Question: Three charges +4q, Q and q are placed in a straight line of length $l$ at points at distance 0, $l/2...

Question

Three charges +4q, Q and q are placed in a straight line of length $l$ at points at distance 0, $l/2$ and $l$ respectively from one end of line. What should be the value of Q in order to make the net force on q to be zero?

Answer 1

Solution

Let the three charges +4q, Q, and q be placed on the x-axis at positions x=0, x=l/2, and x=l, respectively. We want to find the value of Q such that the net force on the charge q (at x=l) is zero.

The net force on q is the vector sum of the force on q due to +4q and the force on q due to Q.

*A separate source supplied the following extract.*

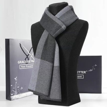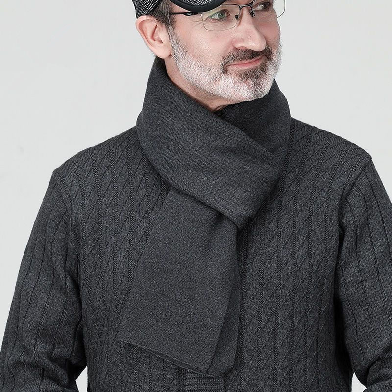 加厚围巾男士秋冬季中年青年轻韩版百搭简约爷爷爸爸中老年人围巾

Force on q due to +4q: The charge +4q is at x=0 and q is at x=l. The distance between them is $l$ . Both charges are positive, so the force is repulsive and acts in the positive x direction (away from +4q). $F_{4q, q} = k \frac{(+4q)(q)}{l^2} = \frac{4kq^2}{l^2}$ , where $k = \frac{1}{4\pi\epsilon_0}$ . This force is in the positive x direction.
Force on q due to Q: The charge Q is at x=l/2 and q is at x=l. The distance between them is $l - l/2 = l/2$ . $F_{Q, q} = k \frac{Q q}{(l/2)^2} = k \frac{Q q}{l^2/4} = \frac{4kQq}{l^2}$ . The direction of this force depends on the sign of Q. If Q is positive, the force is repulsive (away from Q, in the positive x direction). If Q is negative, the force is attractive (towards Q, in the negative x direction).

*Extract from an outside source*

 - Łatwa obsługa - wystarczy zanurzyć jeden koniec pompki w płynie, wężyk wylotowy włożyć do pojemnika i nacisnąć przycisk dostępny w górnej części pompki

For the net force on q to be zero, the forces $F_{4q, q}$ and $F_{Q, q}$ must be equal in magnitude and opposite in direction. Since $F_{4q, q}$ is in the positive x direction, $F_{Q, q}$ must be in the negative x direction. This requires Q to be a negative charge.

The net force on q is $F_{net, q} = F_{4q, q} + F_{Q, q}$ (treating forces as vectors along the x-axis). Let the positive x direction be the positive direction for forces. $F_{net, q} = +\frac{4kq^2}{l^2} + \frac{4kQq}{l^2}$ . We set the net force to zero: $\frac{4kq^2}{l^2} + \frac{4kQq}{l^2} = 0$ . Factor out the common term $\frac{4kq}{l^2}$ : $\frac{4kq}{l^2}(q + Q) = 0$ . Since $k \neq 0$ , $q \neq 0$ , and $l \neq 0$ , we must have: $q + Q = 0$ . $Q = -q$ .

This value of Q is negative, which is consistent with our requirement that the force $F_{Q, q}$ must be attractive (in the negative x direction) to balance the repulsive force $F_{4q, q}$ .